3. Revision petition was filed by the present appellant. Challenge was to the direction to pay Rs.1500/- p.m. by the trial Court. The stand was that the applicant was able to maintain herself from her income was reiterated. The revisional court analysed the evidence and held that the appellant’s monthly income was more than Rs.10,000/- and the amount received as rent by the respondent-claimant was not sufficient to maintain herself. The revision was accordingly dismissed. The matter was further carried before the High Court by filing an application in terms of Section 482 Cr.P.C. The High Court noticed that the conclusions have been arrived at on appreciation of evidence and, therefore, there is no scope for any interference.


4. Section 125 Cr.P.C. reads as follows:
     “125. (1) If any person having sufficient means neglects or refuses to maintain
                    (a) his wife, unable to maintain herself, or
                    (b) his legitimate or illegitimate minor child,whether married or not,
                          unable to maintain itself, or
                    (c) his legitimate or illegitimate child (not being a married daughter) who
                          has attained majority, where such child is, by reason of any physical or
                          mental abnormality or injury unable to maintain itself, or
                    (d) his father or mother, unable to maintain himself or herself, a Magistrate
                          of the First Class may, upon proof of such neglect or refusal, order such
                          person to make a monthly allowance for the maintenance of his wife or
                          such child, father or mother, at such monthly rate not exceeding five hundred
                          rupees in the whole, as such Magistrate thinks fit, and to pay the same to
                          such person as the Magistrate may from time to time direct:
                          (a) Provided that the Magistrate may order the father of a minor female
                                child referred to in clause
                          (b) to make such allowance, until she attains her majority, if the Magistrate
                                is satisfied that the husband of such minor female child, if married, is
                                not possessed of  sufficient means.
                           Explanation .For the purposes of this Chapter,
                              (a) ‘minor’ means a person who, under the provisions of the Indian Majority
                                    Act, 875 (9 of 1875), is deemed not to have attained his majority;
                              (b) ‘wife’ includes a woman who has been divorced by, or has obtained a
                                    divorce from, her husband and has not remarried.”

      ["(2) Any such allowance for the maintenance or interim maintenance and expenses of proceeding
      shall be payable from the date of the order, or, if so ordered, from the date of the application for
      maintenance or interim maintenance and expenses of proceeding, as the case may be.";]
      (3) If any person so ordered fails without sufficient cause to comply with the order, any such   
      Magistrate may, for every breach of the order, issue a warrant for levying the amount due in the  
      manner provided for levying fines, and may sentence such person, for the whole, or any port of
      each month’s allowance 4 [allowance for the maintenance or the interim maintenance and expenses
      of proceeding , as the case may be] remaining unpaid after the execution of the warrant, to
      imprisonment for a term which may extend to one month or until payment if sooner made:
      Provided that no warrant shall be issued for the recovery of any amount due under this section
      unless application be made to the Court to levy such amount within a period of one year from the date
      on which it became due:
      Provided further that if such person offers to maintain his wife on condition of her living with him, 
      and she refuses to live with him, such Magistrate may consider any grounds of refusal stated by her,
      and may make an order under this section notwithstanding such offer, if he is satisfied that there is
      just ground for so doing.
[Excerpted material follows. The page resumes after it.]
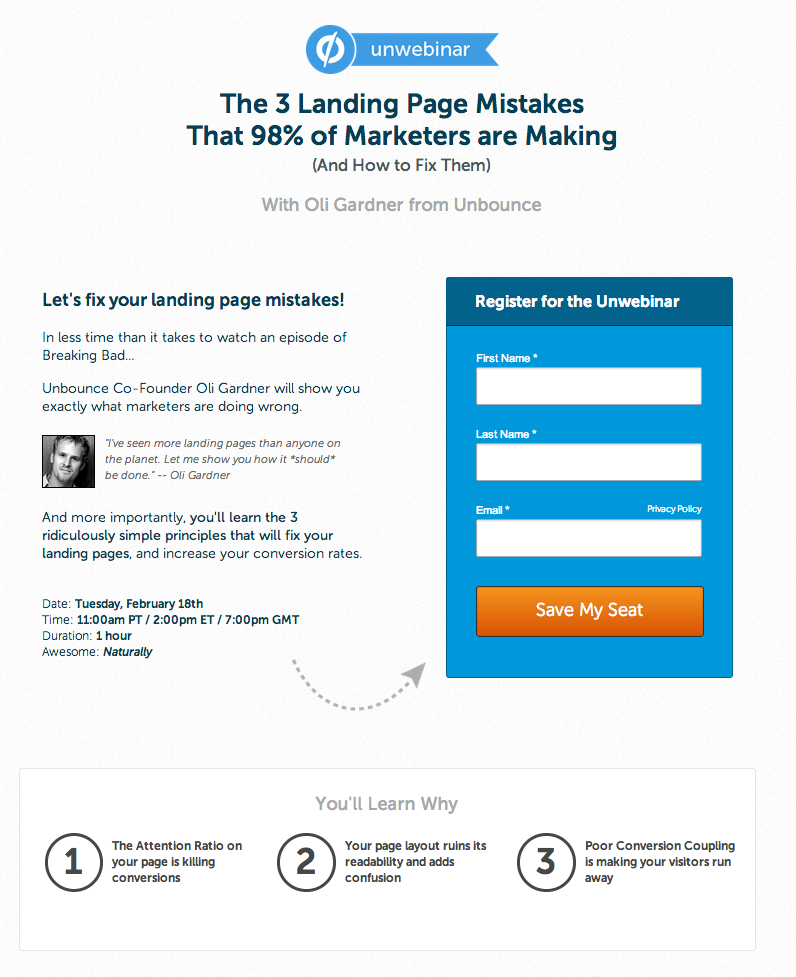 Now that you're a pro landing page optimizer, I'm going to rip into a few bad landing pages so you can see where people are going wrong. To be helpful, I'll also make suggestions for how to make them more effective.

Explanation.-If a husband has contracted marriage with another woman or
      keeps a mistress, it shall be considered to be just ground for his wife’s refusal to live with him.
      (4) No wife shall be entitled to receive an 4 [allowance for the maintenance or the interim
      maintenance and expenses of proceeding , as the case may be] from her husband under this section if
      she is living in adultery, or if, without any sufficient reason, she refuses to live with her, husband, or
      if they are living separately by mutual consent. 
     (5) On proof that any wife in whose favour an order has been made under this section is living in
     adultery, or that without sufficient reason she refuses to live with her husband, or that they are living
     separately by mutual consent, the Magistrate shall cancel the order.”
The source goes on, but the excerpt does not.